Security Applications of Formal Language Theory
Reference: Sassaman, Patterson, Bratus, Locasto, Shubina (2011). Dartmouth College Computer Science Technical Report TR2011-709. Source file: Security Applications of Formal Language Theory.pdf. URL
Summary
This is the foundational LangSec technical report: a sustained argument that the hardest unsolved problems of secure composition (unsafe input handling, mutually intelligible but divergent message interpretations between components) are consequences of ignoring formal language theory in protocol and software design. The authors connect everyday security failures to decidability results: if a protocol’s input language requires recognizers more powerful than necessary (or worse, undecidable), then safely accepting inputs and ensuring identical interpretation across endpoints become theoretically unachievable, producing an endless stream of 0-days that no amount of patching can stop.
Part I develops the formalism, situates exploitation as a constructive proof of unintended computation (“weird machines”), introduces the parse tree differential attack as a systematic technique for finding interpretation mismatches, and applies the framework to SQL validation, PKCS#1 (proven context-sensitive), X.509, ASN.1, and IDS/IPS composition failures. Part II distills the analysis into accessible design principles for protocol designers, developers, and auditors.
The core prescription: keep input languages at the lowest Chomsky level that suffices, build recognizers that fully validate input before any processing, never mix recognition with action (“shotgun parsing”), and ensure identical parsers across endpoints to prevent parser differentials.
Key Ideas
- Composition is the primary engineering means and the primary security challenge.
- Safely accepting inputs and identically interpreting messages across endpoints are both fundamentally language-theoretic problems.

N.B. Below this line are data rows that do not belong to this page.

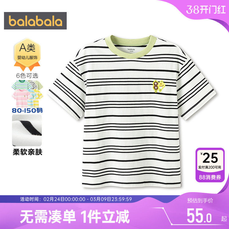 巴拉巴拉儿童短袖t恤男童女童条纹上衣夏装新款童装大童打底衫潮t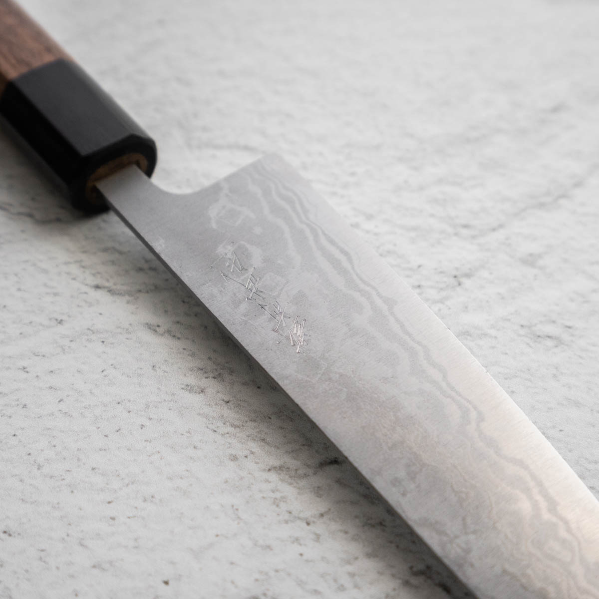 Japanese White Steel #2, a traditional high-carbon steel, is cherished for its purity and fine grain structure, enabling razor-sharp edges, at the cost of being reactive. It is one of the easiest steels to sharpen, but cannot be left wet for even short periods otherwise rust spots can occur. If you’re fastidious in your knife maintenance, this knife steel can be extremely rewarding to use.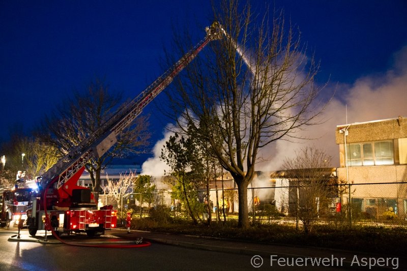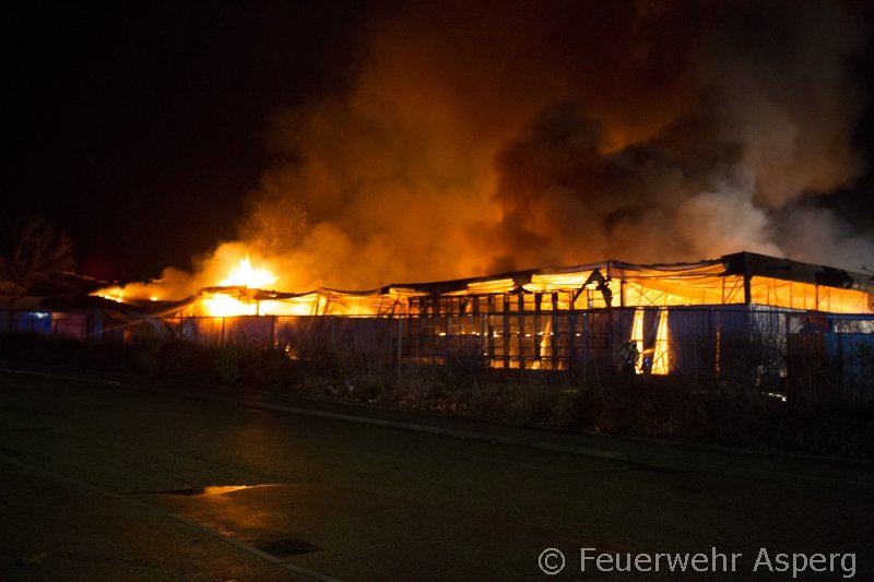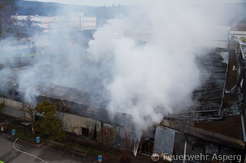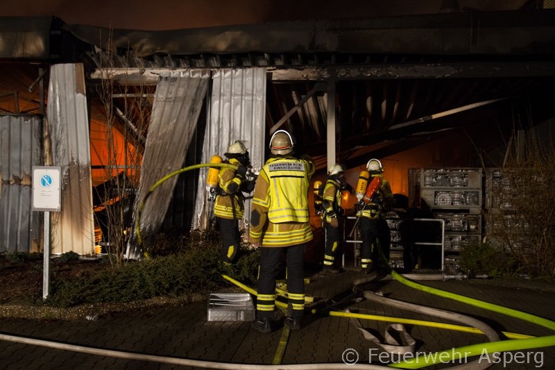 Am Samstag wurde die Feuerwehr Asperg im Rahmen der Überlandhilfe mit dem Hilfeleistungslöschfahrzeug zu einem Großbrand nach Bietigheim alarmiert. Eine Versand- und Lagerhalle, einer Firma in der Höpfigheimer Straße, stand auf eine Fläche von rund 2500m² im Vollbrand. Das Feuer drohte auf eine direkt angebaute Produktionshalle überzugreifen. Die Feuerwehr Asperg wurde von der Einsatzleitung dem Einsatzabschnitt 4 „Innenangriff Produktionshalle“ zugewiesen. Hier kamen insgesamt drei Trupps der Feuerwehr Asperg unter schwerem Atemschutz mit jeweils einem C-Rohr zum Einsatz. Ebenfalls kam die erst vor wenigen Tagen in Dienst genommene Wärmebildkamera zum Einsatz. Nur aufgrund eines massiven Löscheinsatzes aller beteiligten Feuerwehren konnte eine Brandausbreitung auf die Produktionshalle verhindert werden. Die Nachlöscharbeiten der Feuerwehr Bietigheim-Bissingen zogen sich bis in die Abendstunden. An der Versand- und Lagerhalle entstand Totalschaden. Die Kriminalpolizei leitete Ermittlungen zum Brandhergang ein. Insgesamt waren bei diesem Einsatz rund 140 Einsatzkräfte aus sieben Feuerwehren im Einsatz. Ebenfalls mit einem Großaufgebot vor Ort waren die Polizei und der Rettungsdienst.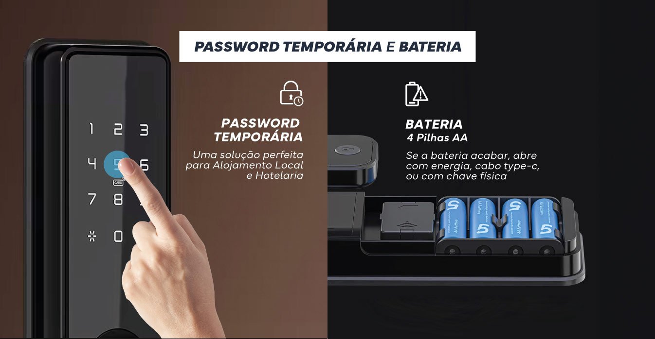 | Métodos de Desbloqueio | APP, cartão, chave, Impressão Digital |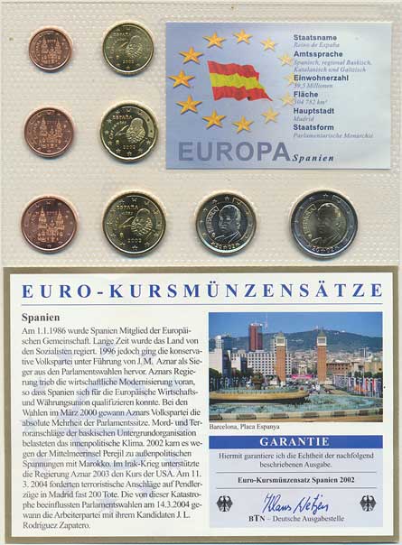 | 3945. | Ročníková sada EURO mincí 2002 (1, 2, 5, 10, 20, 50 Cents, 1, 2 E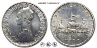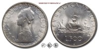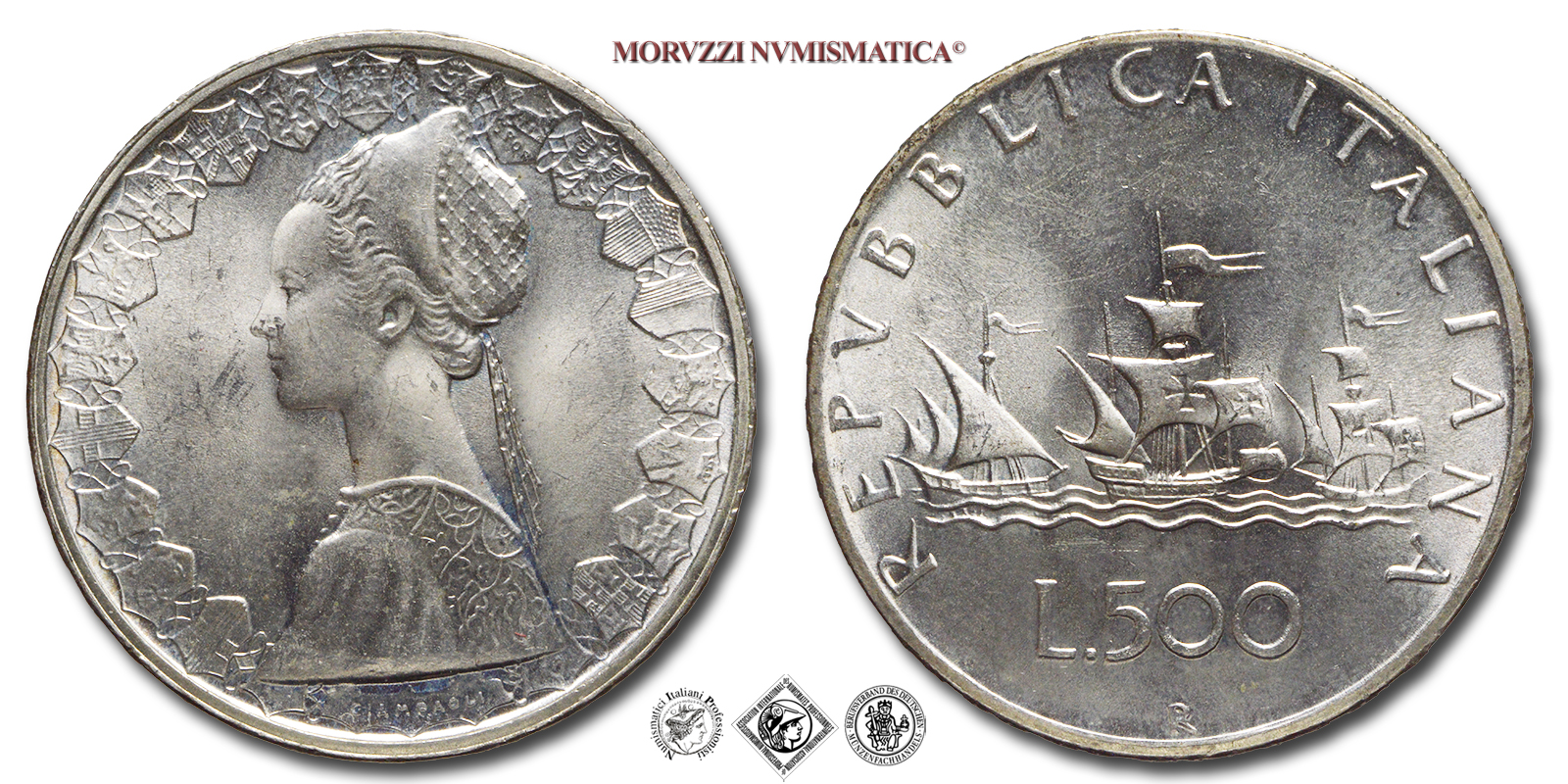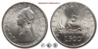 Italia, REPUBBLICA, Dal 1946, LIRE 500, Caravelle, Emissione: 1966, D/ busto di donna in abiti rinascimentali. Lungo il bordo gli stemmi di diciannove tra regioni o capoluoghi di Regione (si intravedono altri stemmi coperti dal busto di donna e quindi inintellegibili). In basso indicazione dell'autore (GIAMPAOLI), R/ tre caravelle con la prua rivolta a destra e le punte delle bandiere verso la prua. Intorno REPVBBLICA ITALIANA. Sotto le caravelle indicazione del valore (L.500). In basso segno di zecca (R), Zecca di Roma, Rif. bibl. Pagani, 2107; Metallo: AR, gr. 10,97, Diam.: mm. 29,46, FDC

- Undecidable/overpowered input languages yield unfixable vulnerability classes.
- Parse tree differential attack: exploiting divergence between implementations of the “same” language.

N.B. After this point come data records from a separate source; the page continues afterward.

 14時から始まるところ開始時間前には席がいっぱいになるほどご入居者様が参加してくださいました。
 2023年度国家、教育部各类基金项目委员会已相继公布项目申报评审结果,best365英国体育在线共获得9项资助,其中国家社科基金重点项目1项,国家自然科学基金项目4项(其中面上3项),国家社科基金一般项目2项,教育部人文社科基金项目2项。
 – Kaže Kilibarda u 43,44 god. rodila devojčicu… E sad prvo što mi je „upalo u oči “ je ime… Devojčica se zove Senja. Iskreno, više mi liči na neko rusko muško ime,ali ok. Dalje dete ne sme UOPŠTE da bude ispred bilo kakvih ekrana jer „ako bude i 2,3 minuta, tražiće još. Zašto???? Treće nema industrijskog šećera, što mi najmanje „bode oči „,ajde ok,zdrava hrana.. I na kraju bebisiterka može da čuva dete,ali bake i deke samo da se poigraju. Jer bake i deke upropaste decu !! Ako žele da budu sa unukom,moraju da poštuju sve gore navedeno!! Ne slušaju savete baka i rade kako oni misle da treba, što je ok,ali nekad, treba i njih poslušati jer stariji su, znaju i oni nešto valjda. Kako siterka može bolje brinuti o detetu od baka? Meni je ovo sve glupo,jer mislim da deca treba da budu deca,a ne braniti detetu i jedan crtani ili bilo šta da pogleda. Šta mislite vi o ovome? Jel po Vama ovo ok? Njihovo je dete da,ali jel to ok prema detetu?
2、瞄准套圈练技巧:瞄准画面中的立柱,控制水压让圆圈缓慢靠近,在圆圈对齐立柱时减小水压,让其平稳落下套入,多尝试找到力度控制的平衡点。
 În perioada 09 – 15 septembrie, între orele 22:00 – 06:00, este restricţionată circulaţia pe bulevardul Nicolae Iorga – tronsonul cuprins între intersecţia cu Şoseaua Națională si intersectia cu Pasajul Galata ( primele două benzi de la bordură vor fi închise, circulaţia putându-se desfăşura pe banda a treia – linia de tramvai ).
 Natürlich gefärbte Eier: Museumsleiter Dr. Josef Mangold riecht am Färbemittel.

- Weird machines as constructive proofs of unintended computation.
- PKCS#1 proven context-sensitive (not regular, not context-free).

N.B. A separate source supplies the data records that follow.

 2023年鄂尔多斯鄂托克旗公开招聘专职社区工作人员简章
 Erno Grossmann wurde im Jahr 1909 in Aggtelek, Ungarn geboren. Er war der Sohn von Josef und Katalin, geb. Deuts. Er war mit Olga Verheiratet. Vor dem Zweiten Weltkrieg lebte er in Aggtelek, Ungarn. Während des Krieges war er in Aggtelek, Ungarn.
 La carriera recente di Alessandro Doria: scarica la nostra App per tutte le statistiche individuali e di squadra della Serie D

- Design principles: minimize language power, full recognition before processing, identical parsers at all endpoints, no shotgun parsing.
- Critique of “good enough” (80/20) solutions to undecidable problems.
Connections
Conceptual Contribution
- Claim: Insecurity at protocol and component boundaries is a language-theoretic phenomenon: when input languages exceed what recognizers can safely decide, secure composition is impossible, and the resulting vulnerabilities are not bugs but inevitable consequences of design choices.
- Mechanism: Analyzes inputs as formal languages; classifies protocols by Chomsky level; shows that context-sensitive or undecidable languages force ad-hoc parsers whose implementation differences enable parse tree differential attacks; demonstrates weird machines as constructive proofs; prescribes minimal-power input languages, full recognition before processing, and identical recognizers at endpoints.
- Concepts introduced/used: LangSec, Chomsky Hierarchy, Parser Differential, Shotgun Parsing, Weird Machine, Input Validation, Protocol Design, Distributed Security
- Stance: foundational
- Relates to: The canonical reference underlying LangSec and Shotgun Parsing in this vault; the theoretical substrate for A Language-Based Approach To Prevent DDoS and for applying parser-theoretic discipline to ACL design (ACL Design Principles, ACL Verifiability) and to Agent Security concerns around message interpretation in LLM Agents and Tool Use settings.